Pictures speak louder than words and word cannot describe day 3 too adequately.
At this point we reached Laguna Verde and the Licancubur volcano (above video), which towered over 6000 m above sea level. It was copper this time that gave the lake is resonant colour. As our final stop before two of the Brazilian guys headed off across the boarder into the Atacama we had a group shot and reminisced what a good trip we had all had.
So, next we had to drive to the boarder through sand banks and stopping for the oncoming trucks that were belting down the sand roads trailing grit and and intense sandy dust that rcked the jeep with each one that we met. After saying our goodbyes and having a sandy loo stop we headed back homeward bound. We thought we were picking up other people to taxi them back to Uyunni, but this never naterialised. Instead we could stretch out and Laura and the French guy, Gerard, fell asleap. I was left looking at the other sides of the mountains that we had seen on the way down, as we took a slightly different, more direct route. I cracked open the Coca and chewed away with a dull fuzzy head with lack of sleep and slightly drained by the heat of the now midday sun.

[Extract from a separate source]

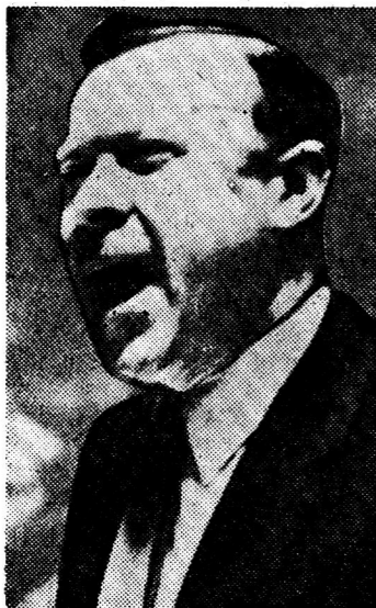
WALTER REUTHER, President of United Auto Workers, which is engaged in fight against ruthless speed-up drive of Chrysler Corporation.

one Dodge worker as follows: "Approximately 8,000 are laid off. The remaining 10,000 are now being subjected to the worst speed-up experience since 1939. On Dec. 20 the whole plant was given a holiday until Jan. 7. Then we worked two and a half days. Seven thousand were given lay-off slips and the rest given another until Jan. 20.

We past Dali´s desert again where I requested a stop for a better picture and then we continued on for 3 hours this time until we reached our second to last stop, Valle de Roche. Another set of volcanic rocks that had been sculpted into strange shapes, some “recognisable” as faces and animals. We had seen a few of these now, but to think that clusters of them exist in the middle of a massive of expanse of desert we continually tried to appreciate.
Our camera battery finally died after taking all the necessary pictures of the last stop and so we just sat back and enjoyed the view of the passing change fo scenery, which becomes gradually more water baring the more north we travelled. We passed a smaller salar, where trucks were carving up the land to send to people´s dinner tables. Dust devils continued to swirl up and seemingly are attracted to the heat of the roads as they seem to like crossing them playfully. One even crossed literally 2 meters in front of us, as the driver rubbed his cross once more.
We stopped for our final lunch, which was another surprise. Corned beef. The Brazilian had never tried it and so we recounted its part of English history. It was a good meal, probably because we had a meal for 6 to share between the 4 of us.
We rocked around up and over a section of the Andes surrounded by “punk plants”, tufts of grass that looked like a punk had been buried upto its hair. These extended as far as the eye could see until we started heading back down into the valley, where we crossed our first flowing body of water in 3 days. I finally managed to sleep, as we all did until the 4 hours passed that took us back to Uyuni.
Dry, exhaused and really needing the loo we all collected our bags and it was then that Laura and I realised that our bus was at 7pm and not 7:30. It was 6:10pm now and we needed food. A quick pit stop in the vans that lined the central reservation where all the bus companies operated and we were suddenly on “new place mode”. Ejected out of a surreal journey packed with “firsts” and constant amazement and then onto a bus to Sucre. We had some remains of snacks from our tour and so were happy we had supplies, but when we got on the bus tghe front row seats we secured because of past experience that this had the most leg room was unfounded on this bus. Instead we had really loud Bolivians to content with, who have no concept of what level their volume needs to be when the lights are turned off.